Pictures stay out of the copy; set down each line of the listing below exactly.

= Beginning of Section =

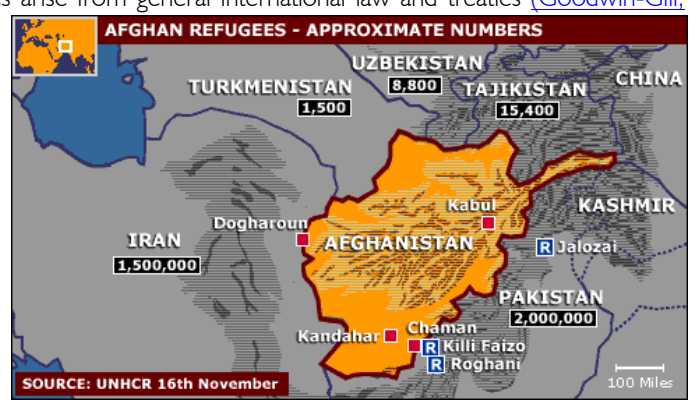
Figure 1: (https://reliefweb.int/map/afghanistan/afghanistan-regional-mapafghan-refugees-neighboring-countries, 2017)

The beginning of the conflict in Afghanistan in late 1970 brought
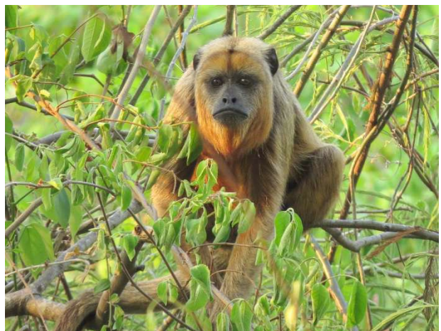
Piuvai Lodge always provides some mammals: South American Coati and a female Black Howler

October 17 th . As our internal flight to Alta Floresta was about noon we had a morning off to get fully recovered for our tour extension at Cristalino Lodge. We arrived in Alta Floresta near two pm. A van from Cristalino Lodge collected us at the airport and immediately transferred our group to the bank of the Teles Pires River, the place we get the boat to reach Cristalino. The trip by car lasted around one hour on a dirt road. We crossed a strong but quick storm on the way and by some pasture area we saw a few Red-
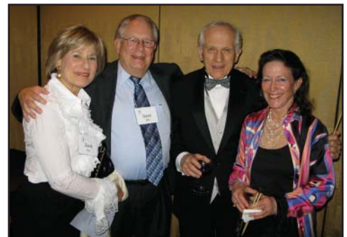
2009 Annual Awards Banquet
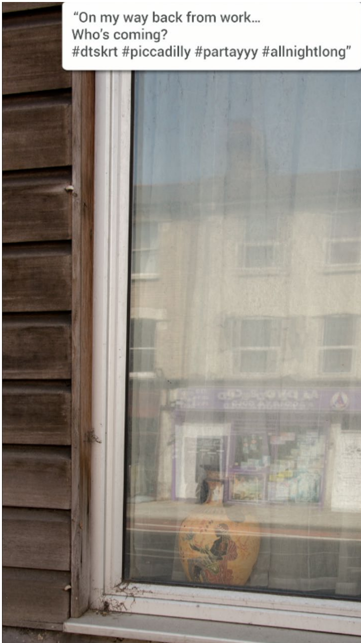
Fig. 26.2 Roshini Kempadoo, Screen still from the artwork Face Up , 2015. Nana 01. © Roshini Kempadoo.
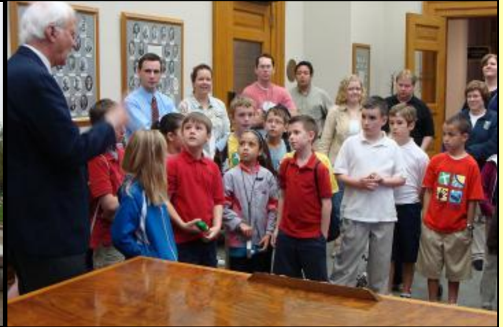
After studying the state of Kansas the third graders took their annual trip to visit the capitol building and judicial center in Topeka.
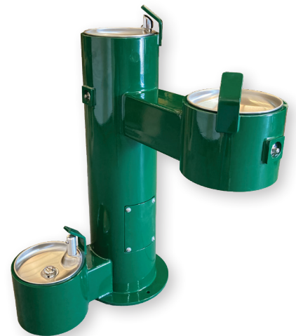
5700-90 Dual Drinking Fountains & Pet Fountain

*See sternwilliams.com/connect for local representation
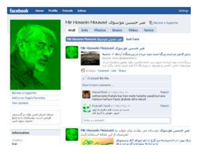
Fig. II – Profile of Mir Hossein Mousavi on Facebook

An example illustrating the importance of the Twitter online social network took place on 15 June 2009, when the possibility of suspending the network for maintenance purposes was advanced. Faced with the concern of Iranians users and followers throughout the world, given that only two days had elapsed since the release of the elections results and the start of protests, those in charge of Twitter opted to defer the procedure<sup>24</sup>. This concern seems plausible when we note that one of the most popular pages on Twitter, with more than 25,631 followers, is about the reformist candidate<sup>25</sup>. Out of curiosity, it must be noted that Mousavi also has a Facebook profile<sup>26</sup> with 3,966 contacts, a YouTube channel<sup>27</sup> with almost 70,000 views, and a Flickr page where he collects pictures of the protests against him<sup>28</sup>.
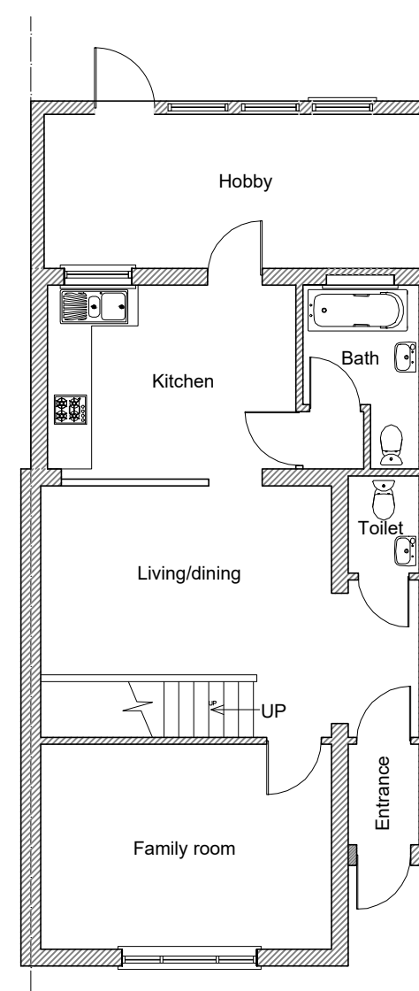
Existing Ground Floor Plan Scale 1:100
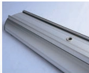
HIDDEN CENTRAL POLE
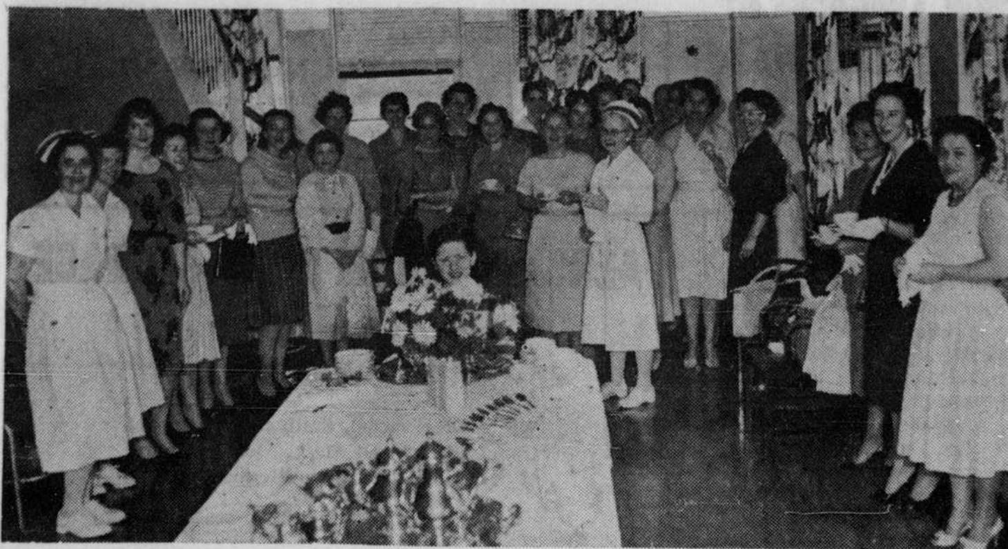
Ladies of the Naval Officers' Wives Club who were invited for coffee at the Naval Base Hospital by the hospital staff in celebration of the dedication of the new pediatric room.
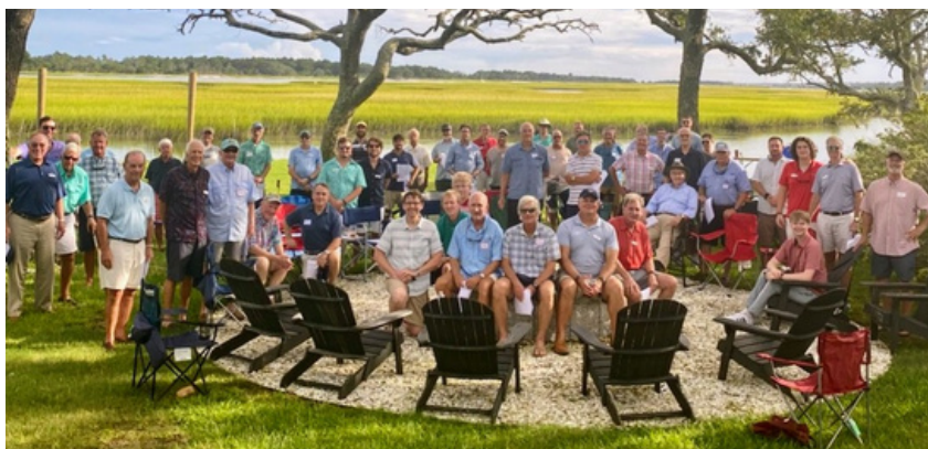
MEN ON A MISSION: BBQ ON THE ICW 2022
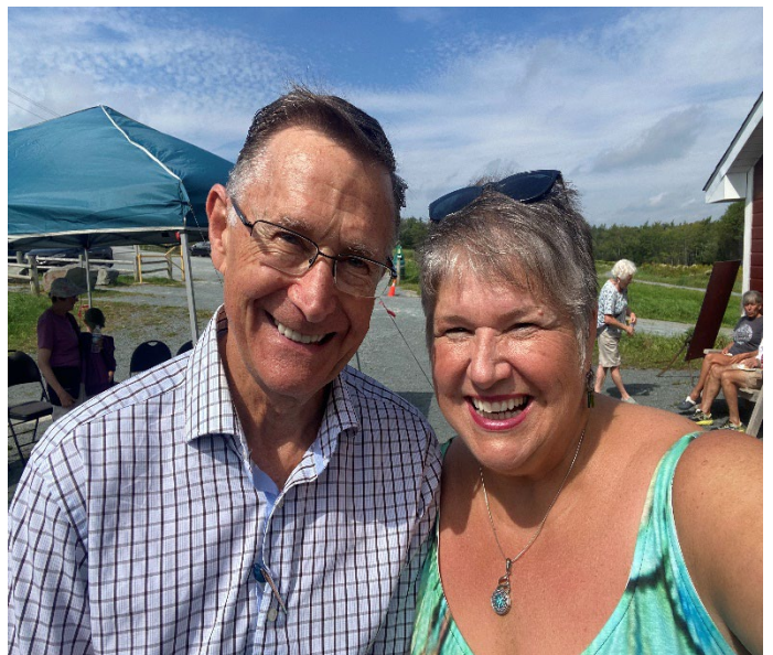
Cole Harbour Parks and Trails Association 25 th Anniversary
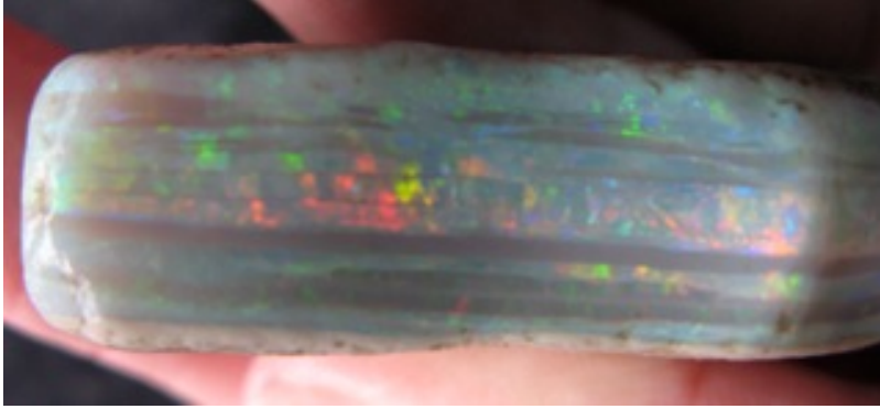
18. $9,300 IMG_4302 Mintubi Super Gem "Rainbow Opal" $6,000/oz 68mm x 22mm x 16mm thick 1.55oz
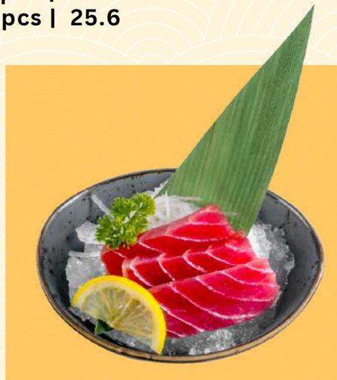
B10. Maguro Sashimi
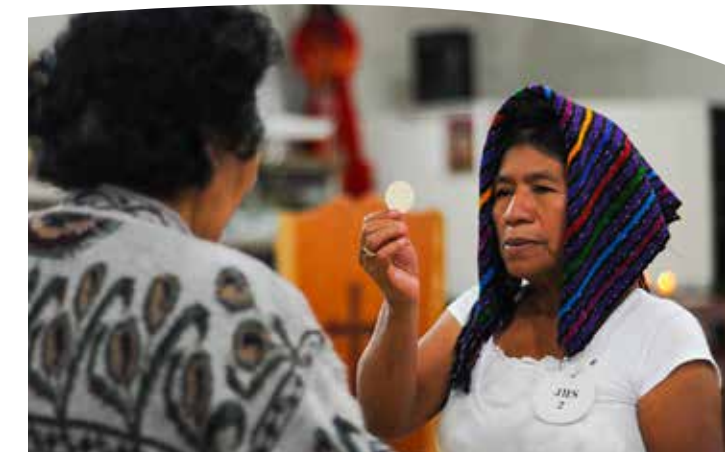
This year the Diocese of Helena's Guatemala Mission marks its 50th anniversary! Help support the mission by contributing to its endowment fund at the Foundation.
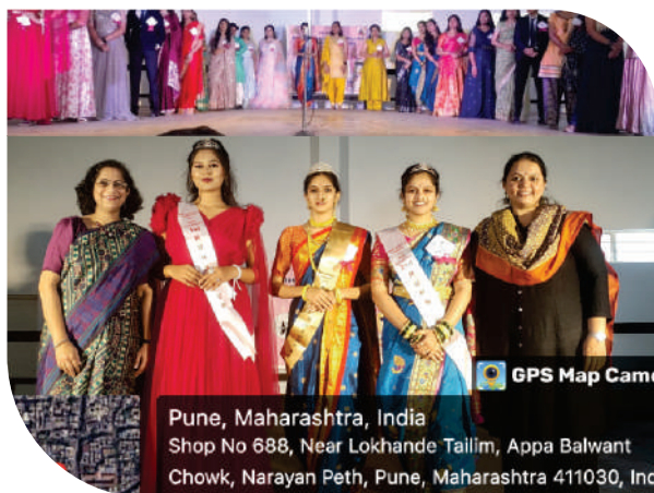
Miss Huzurpaga competitions & winners
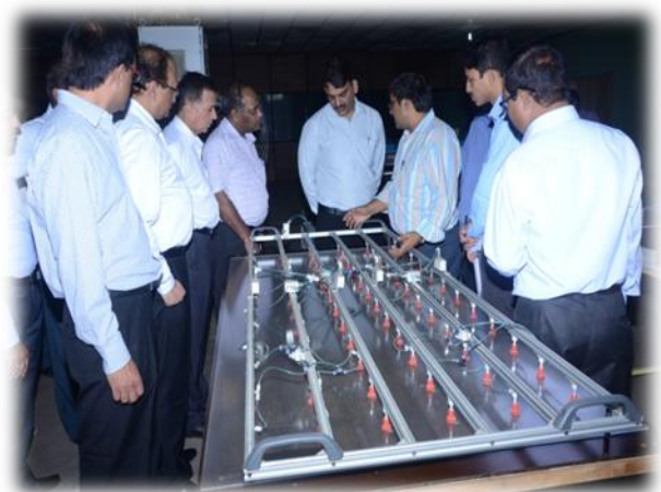
Visit to the Solar Panel manufacturing area in Naini Plant
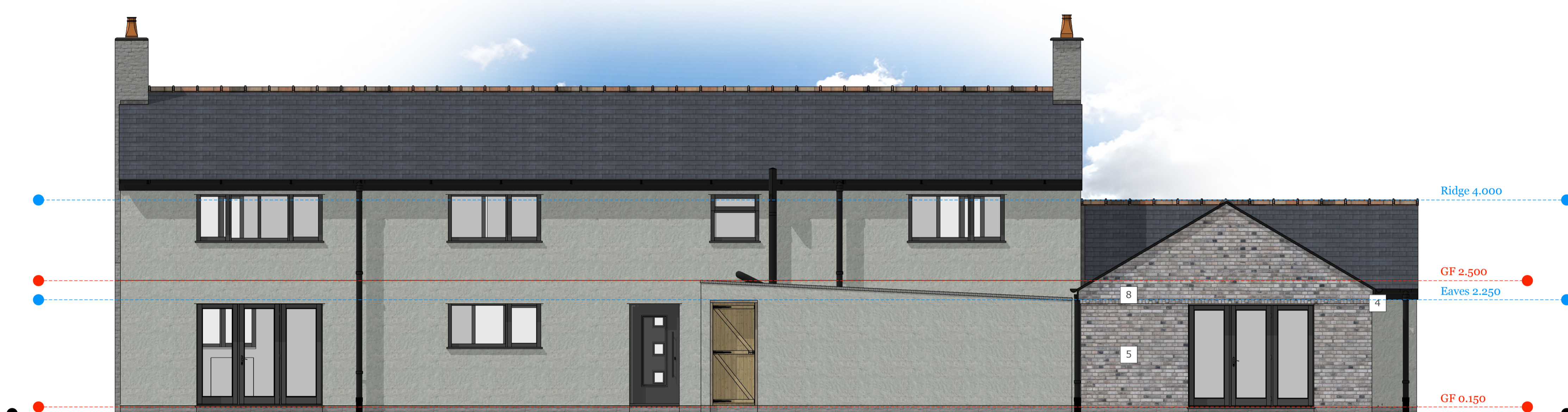
E :: PROPOSED REAR ELEVATION - Inc. 3a scale: 1"=50"
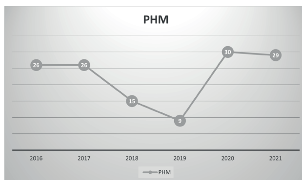
Figure 2. Distribution of the number of PHMs by years

Chi-square test ( \chi^2 ) was used for categorical variables.
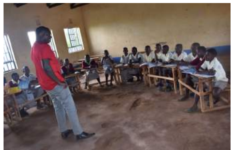
Missioners from Southern Nairobi sharing the gospel in Kasyalani schools.
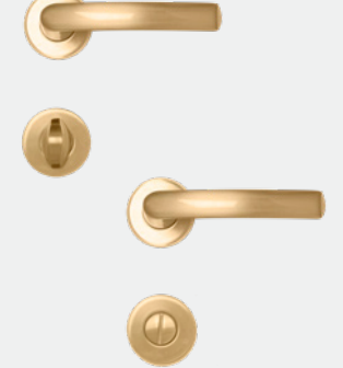
Roses Satin bronze
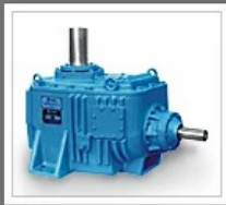
Bevel Helical Cooling Tower Gearbox
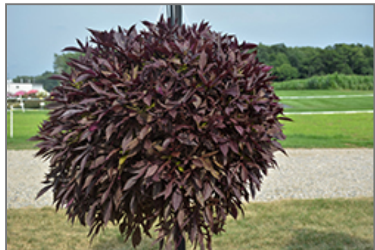
Illusion Garnet Lace Sweet Potato Vine
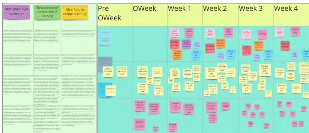
Figure 2: Visual impression of text-based responses and flowchart

While the content is not legible, these images provide a visual impression of the initial detailed text-based responses (left) followed by the creation of flowcharts (right) to depict a range of experiences throughout a semester.
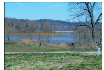
Portage Des Sioux Nature Area

Description: Great Rivers Greenway is working with the City of Portage Des Sioux to construct a 40-acre nature area in eastern St. Charles County. The nature area will allow for passive recreational activities and feature restored wildlife habitats. The nature area will open in early 2004.
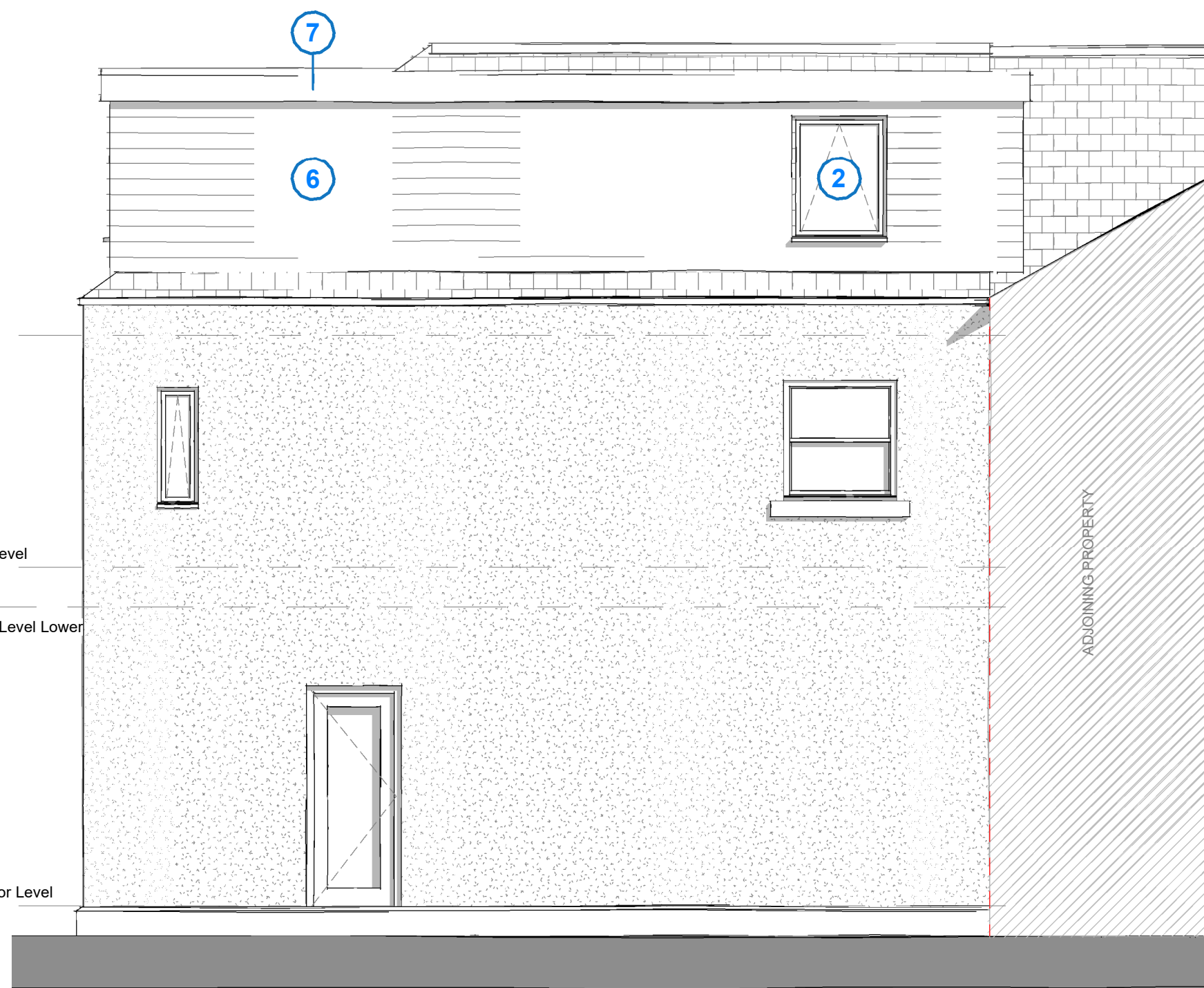
2 Proposed Rear Elevation 1 : 50
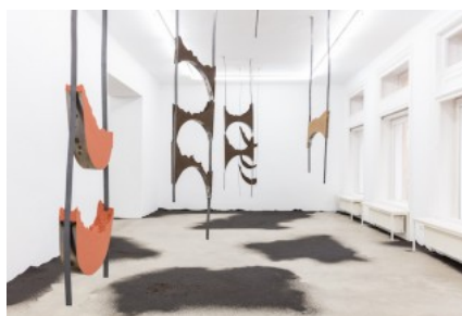
7 View of Angelika Loderer's "Quiet Fonts," Sophie Tappeiner, Vienna, 2017.

= End of Section =

▶ **Problem solution**:
Figure 1: (https://reliefweb.int/map/afghanistan/afghanistan-regional-mapafghan-refugees-neighboring-countries, 2017)

The beginning of the conflict in Afghanistan in late 1970 brought
Piuvai Lodge always provides some mammals: South American Coati and a female Black Howler

October 17 th . As our internal flight to Alta Floresta was about noon we had a morning off to get fully recovered for our tour extension at Cristalino Lodge. We arrived in Alta Floresta near two pm. A van from Cristalino Lodge collected us at the airport and immediately transferred our group to the bank of the Teles Pires River, the place we get the boat to reach Cristalino. The trip by car lasted around one hour on a dirt road. We crossed a strong but quick storm on the way and by some pasture area we saw a few Red-
2009 Annual Awards Banquet
Fig. 26.2 Roshini Kempadoo, Screen still from the artwork Face Up , 2015. Nana 01. © Roshini Kempadoo.
After studying the state of Kansas the third graders took their annual trip to visit the capitol building and judicial center in Topeka.
5700-90 Dual Drinking Fountains & Pet Fountain

*See sternwilliams.com/connect for local representation
Fig. II – Profile of Mir Hossein Mousavi on Facebook

An example illustrating the importance of the Twitter online social network took place on 15 June 2009, when the possibility of suspending the network for maintenance purposes was advanced. Faced with the concern of Iranians users and followers throughout the world, given that only two days had elapsed since the release of the elections results and the start of protests, those in charge of Twitter opted to defer the procedure<sup>24</sup>. This concern seems plausible when we note that one of the most popular pages on Twitter, with more than 25,631 followers, is about the reformist candidate<sup>25</sup>. Out of curiosity, it must be noted that Mousavi also has a Facebook profile<sup>26</sup> with 3,966 contacts, a YouTube channel<sup>27</sup> with almost 70,000 views, and a Flickr page where he collects pictures of the protests against him<sup>28</sup>.
Existing Ground Floor Plan Scale 1:100
HIDDEN CENTRAL POLE
Ladies of the Naval Officers' Wives Club who were invited for coffee at the Naval Base Hospital by the hospital staff in celebration of the dedication of the new pediatric room.
MEN ON A MISSION: BBQ ON THE ICW 2022
Cole Harbour Parks and Trails Association 25 th Anniversary
18. $9,300 IMG_4302 Mintubi Super Gem "Rainbow Opal" $6,000/oz 68mm x 22mm x 16mm thick 1.55oz
B10. Maguro Sashimi
This year the Diocese of Helena's Guatemala Mission marks its 50th anniversary! Help support the mission by contributing to its endowment fund at the Foundation.
Miss Huzurpaga competitions & winners
Visit to the Solar Panel manufacturing area in Naini Plant
E :: PROPOSED REAR ELEVATION - Inc. 3a scale: 1"=50"
Figure 2. Distribution of the number of PHMs by years

Chi-square test ( \chi^2 ) was used for categorical variables.
Missioners from Southern Nairobi sharing the gospel in Kasyalani schools.
Roses Satin bronze
Bevel Helical Cooling Tower Gearbox
Illusion Garnet Lace Sweet Potato Vine
Figure 2: Visual impression of text-based responses and flowchart

While the content is not legible, these images provide a visual impression of the initial detailed text-based responses (left) followed by the creation of flowcharts (right) to depict a range of experiences throughout a semester.
Portage Des Sioux Nature Area

Description: Great Rivers Greenway is working with the City of Portage Des Sioux to construct a 40-acre nature area in eastern St. Charles County. The nature area will allow for passive recreational activities and feature restored wildlife habitats. The nature area will open in early 2004.
2 Proposed Rear Elevation 1 : 50
7 View of Angelika Loderer's "Quiet Fonts," Sophie Tappeiner, Vienna, 2017.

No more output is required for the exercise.